Translation is a fairly sophisticated process that is achieved by several bacterial actors and in particular a big machine called the ribosome. Ribosomes read the nucleotide sequence of the mRNA transcript by recognizing successive triplets of nucleotides or codons . Each of the 64 possible triplets of nucleotides (AUG, UAC, or ACC, for example) corresponds to one of the 20 amino acids that are the building blocks for proteins; thus each amino acid can be encoded by more than one codon. This genetic code is the same for all bacteria and most other organisms. Thus, from their DNA, bacteria produce RNA that is ultimately translated into proteins by this universal code. Bacteria produce thousands of mRNAs, each of which produce proteins.

The results that led François Jacob, André Lwoff, and Jacques Monod to their 1965 Nobel Prize in Physiology or Medicine concerned the discovery that several successive genes, generally involved in the same physiological function, are transcribed together from a single promoter in a single mRNA and thus form a cluster of coregulated genes that they termed an operon .

Transcription is not a permanent process. It depends on many environmental factors (such as pH or temperature). It also depends on bacterial factors. In the simplest situation, transcription is regulated by a single “regulator” protein encoded by a gene situated elsewhere on the chromosome. This regulator interacts with the DNA region located upstream of the first gene of the operon; it can either prevent (“repress”) or stimulate the expression of mRNA. This model of regulation was studied by François Jacob and his colleagues in the lactose ( lac ) operon, which is involved in the utilization of the sugar lactose, in Escherichia coli . The lac operon in E. coli encodes, among other things, the lactose-metabolizing protein LacZ. Transcription of the lac operon is generally repressed, or silenced, because the protein LacI (also called the Lac repressor) binds to the chromosome upstream of the lac operon genes and prevents that DNA from being read. When lactose is present in the bacterium’s environment, the organism can convert it into allolactose, a molecule that binds to and alters the form of the repressor LacI protein (a conformation, or allosteric change) and prevents it from binding to the DNA. In the absence of LacI repression, the lac operon genes are transcribed and then translated, allowing the organism to metabolize lactose.

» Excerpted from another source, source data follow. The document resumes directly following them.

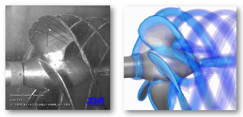 The data related to the benchmark test case was published by Schiffbau-Versuchsanstalt Potsdam GmbH (SVA) to test and validate simulation methodologies. A significant portion of the work undertaken by the SVA relates to research projects. With its three departments, Resistance and Propulsion, Propellers and Cavitation, and Maneuvering and Waves, the SVA covers the entire spectrum of modern shipbuilding testing practice.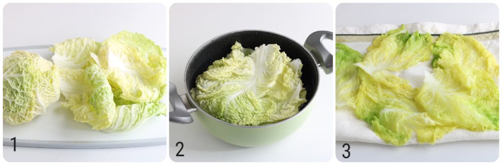 Detach the leaves from the cabbage and choose the widest ones, wash them well and blanch them for about 5 minutes in slightly salted boiling water, they should be cooked but not too soft. Drain them and let them dry spread out on a cloth.
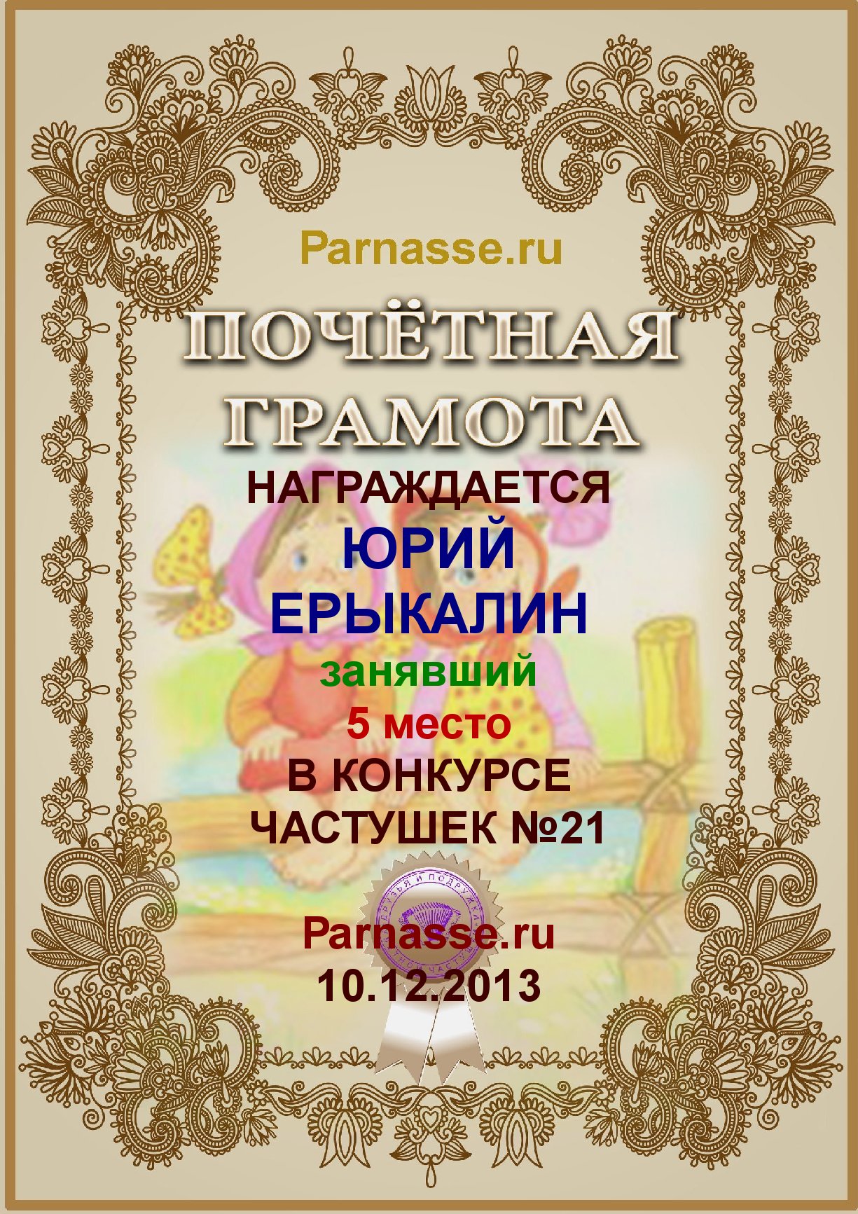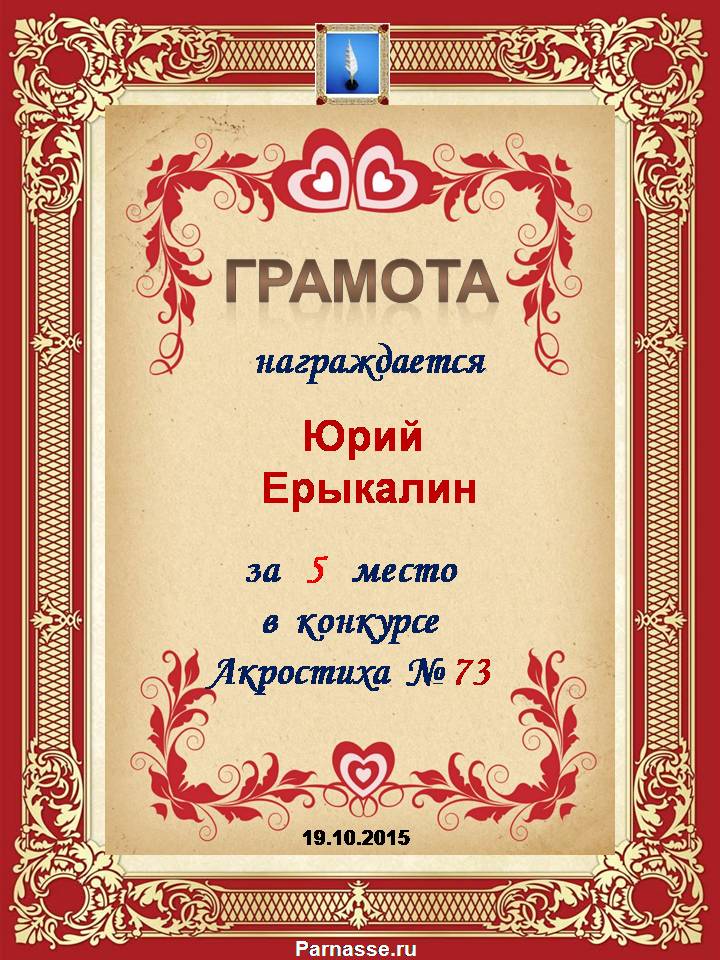 Грамота за 5 место во 2 годовом конкурсе Акростиха по итогам судейского голосования! ПОЗДРАВЛЯЮ!

Many researchers have forgotten that in the original model for the operon published in the Journal of Molecular Biology in 1961, Jacob and Monod proposed that the repressor is the product of a regulatory gene—that is, an RNA repressor that would act either in a region of the DNA upstream of the operon, to repress its transcription, or at the start of the operon mRNA, to prevent translation of the message ( Fig. 6). Following the publication of this model, researchers analyzed in detail the regulation of the lactose operon and found that the Lac repressor is not in fact an RNA molecule but instead a protein that works upstream of operon genes, as discussed earlier. For years, this discovery was followed by numerous successful discoveries of other repressors, forgetting a key part of Jacob and Monod’s hypothesis— repressors could also be RNA.

The operon model has been shown to occur in all bacteria, other prokaryotes, and some eukaryotes (particularly in worms such as the nematode Caenorhab-ditis elegans) . It has thus been refined and enriched. We now know that genes can be repressed by a variety of repressors that more or less resemble the Lac repressor. Certain genes can be repressed by several repressors but others may also be activated. In this case, it is not a negative regulation that occurs, as for the lac operon, but a positive regulation, with an activator protein that binds upstream of the operon when specific conditions require genes to be expressed. One of the best-known activator proteins in bacteria is the protein CAP or CRP in Escherichia coli , which binds cyclic AMP , a molecule that acts as a hormone and can activate genes involved in the use of sugars other than glucose in bacteria.